Collected data:
++++
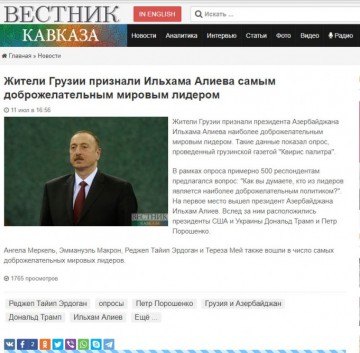 Gürcüstan əhalisi arasında keçirilən rəy sorğusunun nəticələrinə görə, Azərbaycan Prezidenti İlham Əliyev dünyada “Ən xeyirxah” lider seçilib.
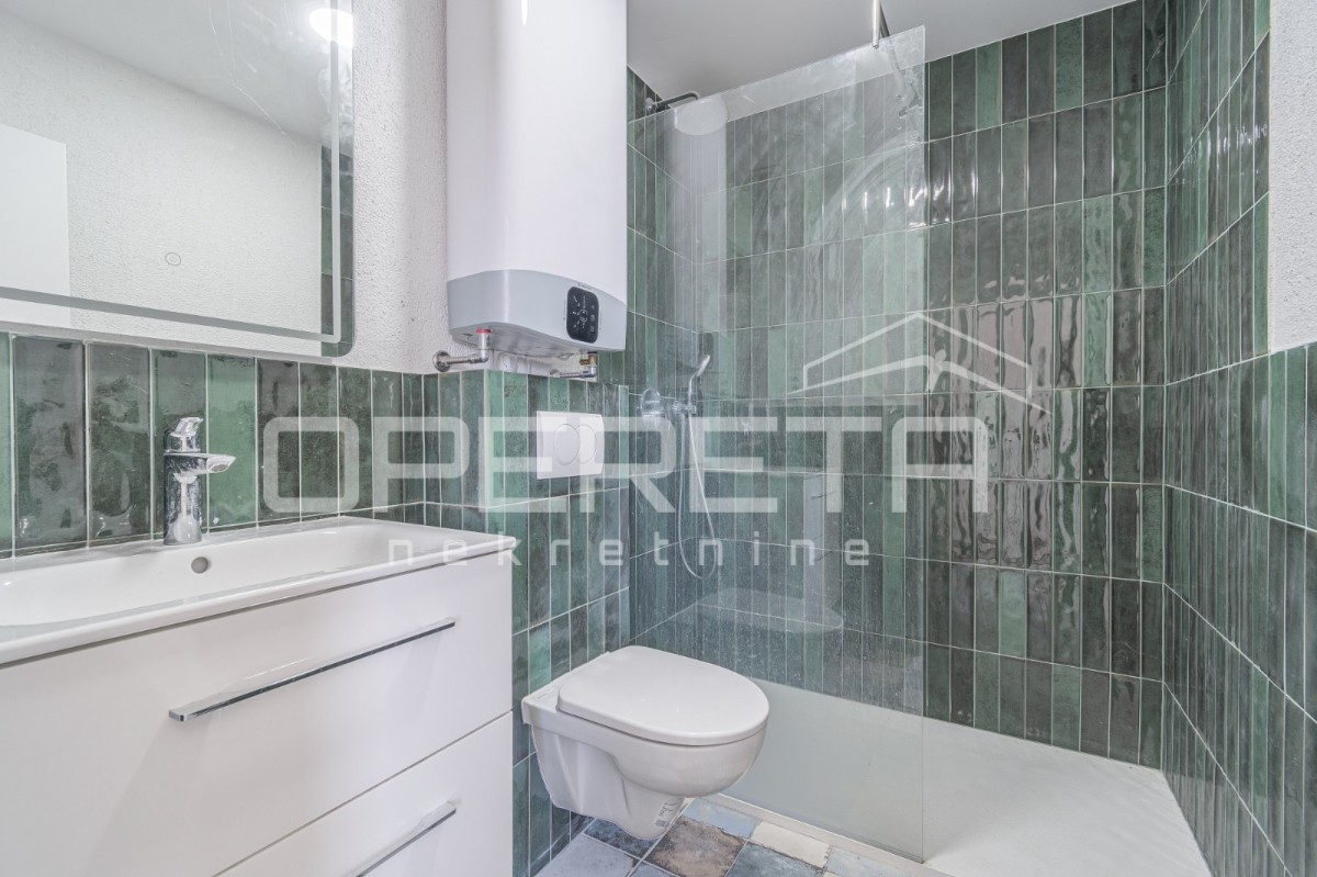 V nadstropju sta dve elegantni spalnici z velikimi zakonskimi posteljami, vsaka z lastno kopalnico, opremljeno z vrhunsko keramiko in moderno sanitarno opremo. Kopalnice so neposredno povezane s spalnicami, kar ustvarja eleganten in funkcionalen prostor. Iz hodnika je izhod na tradicionalni istrski balkon, s katerega se ponuja pomirjujoč pogled na dvorišče in okoliško zelenje.
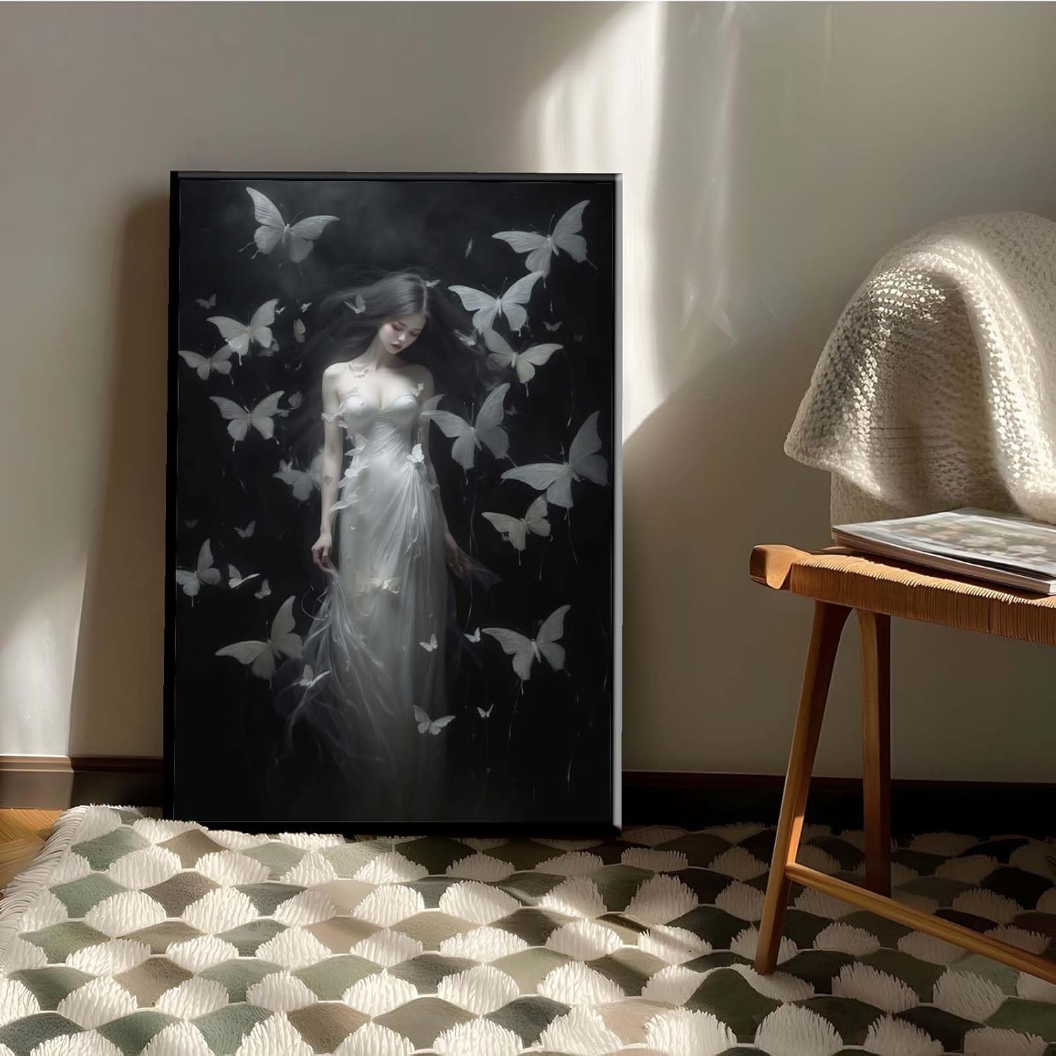 JFHCQJPK Vintage Gothic Feminine Canvas Wall Art Print Butterfly Poster Moody Female Wall Art Retro Artwork Dark College Decor for Home Bedroom24x36in Metal blackFramed
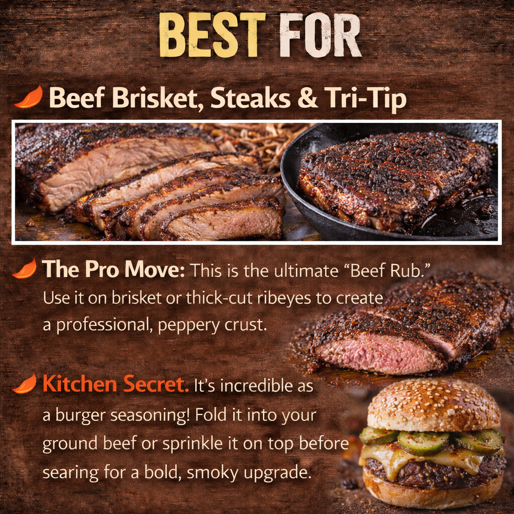 • The Pro Move: This is the ultimate “Beef Rub.” Use it on brisket or thick-cut ribeyes to create a professional, peppery crust.
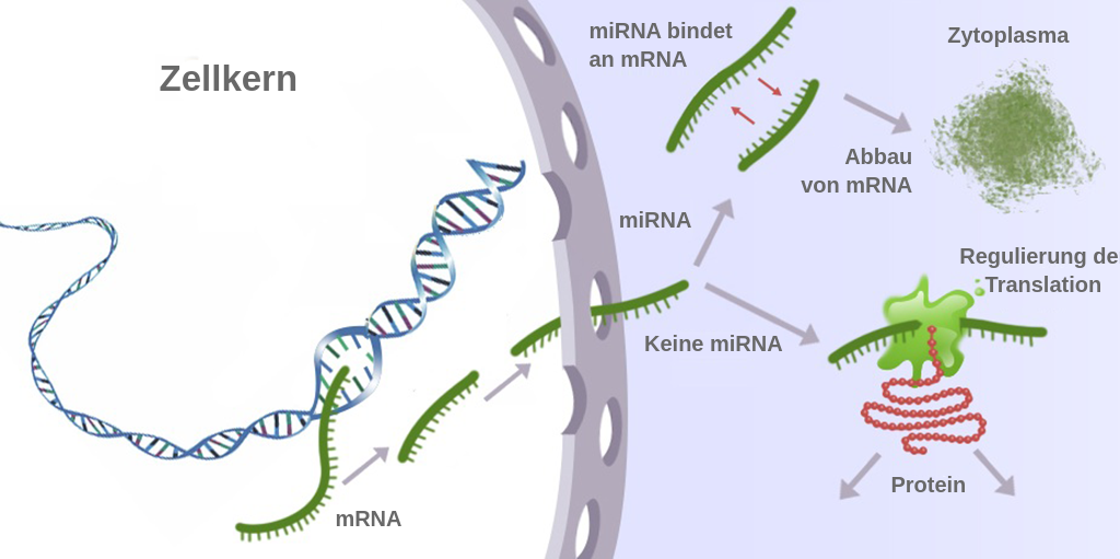 Aufgrund ihrer Funktion in der post-translationalen Genregulation, spielen miRNAs eine wichtige Rolle in der Entwicklung. Sie wirken wie Schalter, die in der Lage sind dieGenexpressionverschiedener Gene gleichzeitig herunterzufahren. miRNAs spielen ebenfalls eine Rolle in derKrebsentwicklung. Oft haben Krebszellen eine veränderte miRNA-Expression, die ihnen erlaubt, unkontrolliert zu proliferieren.
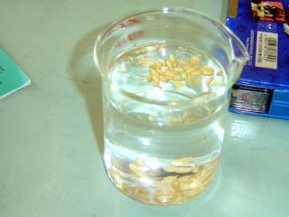 水100g対して食塩13gをとかした塩水(比重1.13)に種もみを入れて待ちます。
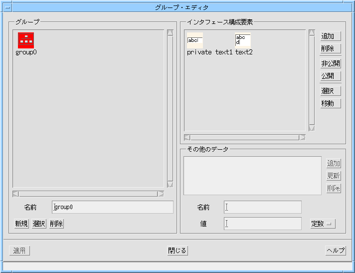 1. Sun WorkShop Visual によって定義される構造体へのポインタは、C コードの場合には sc_stdcs_t と呼ばれ、C++ の場合には sc_stdcs_c と呼ばれます。この構造体によって、ユーザーのルーチンがグループにアクセスできるようになります。内 部使用専用の非公開フィールドもあります。これは、コードを生成するディレクトリのファイル sc_groups_c.h で定義されます。
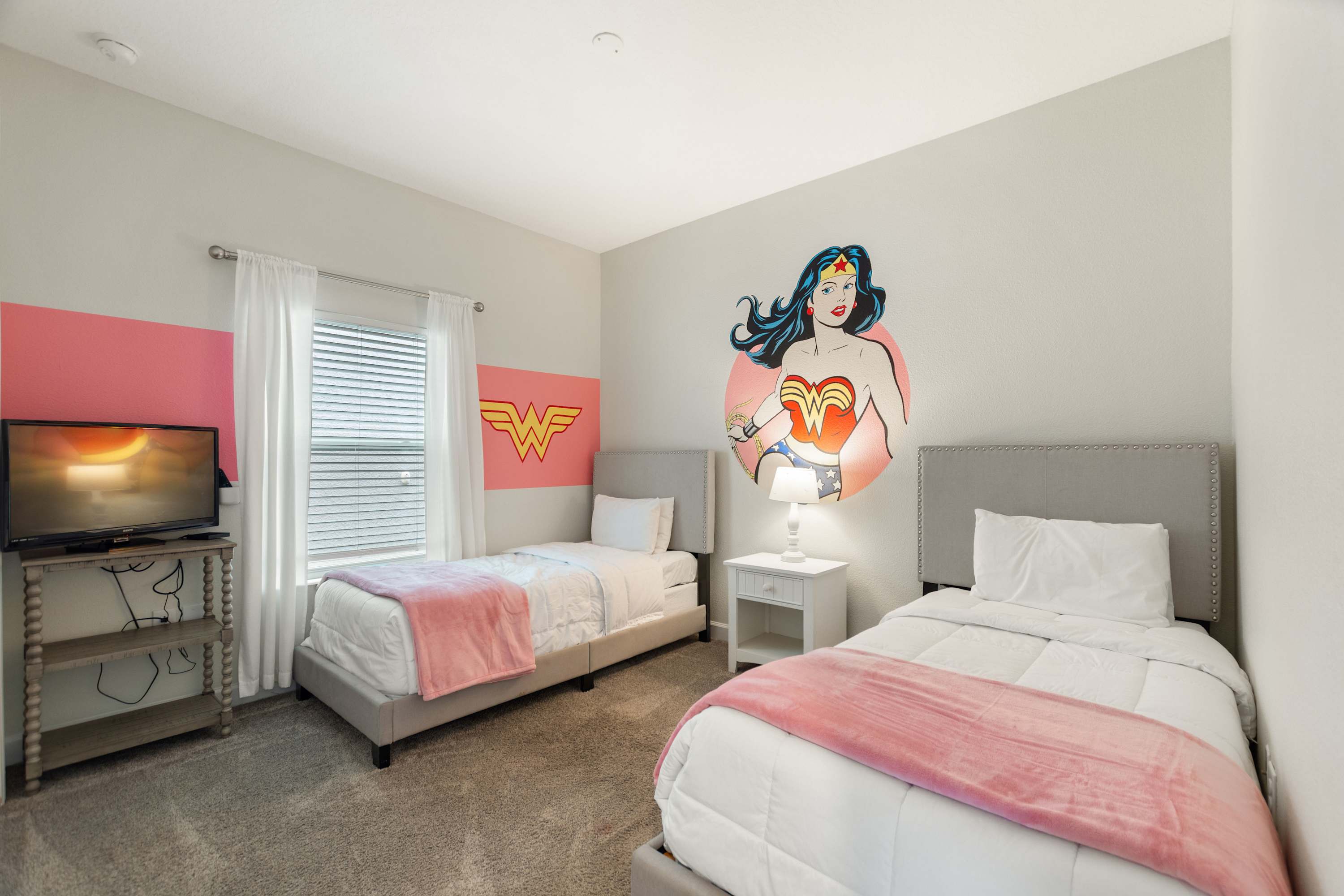 Bedroom #1 is Wonder Woman themed and includes 2 twin size beds and a smart TV also equipped with cable.
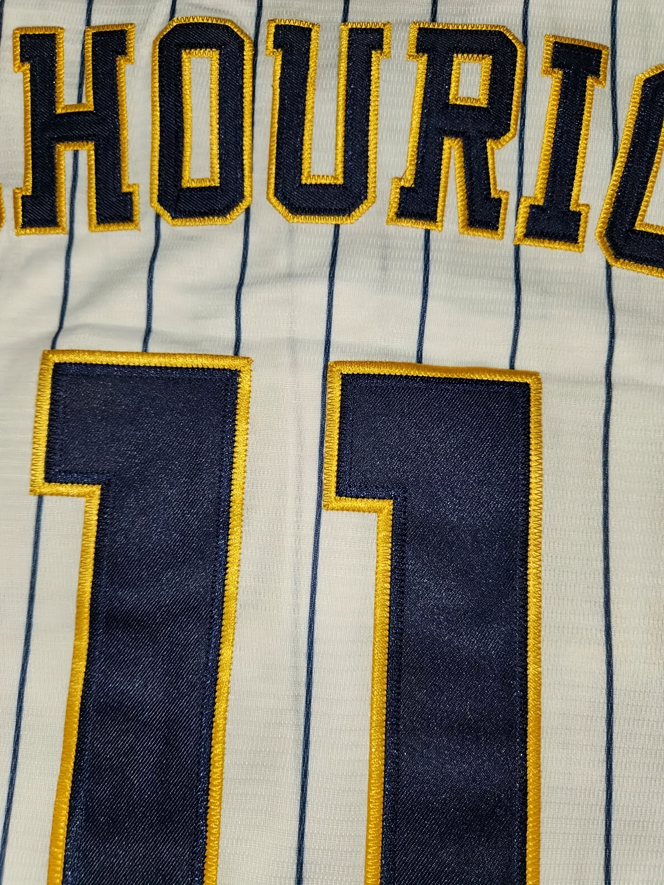 Men'S #11 Embroidered Striped Baseball Jersey - V-Neck, Button-Up, Breathable Polyester - Perfect for Sports & Outdoor Activities
++++
Exercise requirements:
Within the entries above, give again exactly the lines starting at the one that contains "1. Sun WorkShop" and ending at the one that contains "Bedroom #1 is", leaving out the pictures.

Answer section:
 1. Sun WorkShop Visual によって定義される構造体へのポインタは、C コードの場合には sc_stdcs_t と呼ばれ、C++ の場合には sc_stdcs_c と呼ばれます。この構造体によって、ユーザーのルーチンがグループにアクセスできるようになります。内 部使用専用の非公開フィールドもあります。これは、コードを生成するディレクトリのファイル sc_groups_c.h で定義されます。
 Bedroom #1 is Wonder Woman themed and includes 2 twin size beds and a smart TV also equipped with cable.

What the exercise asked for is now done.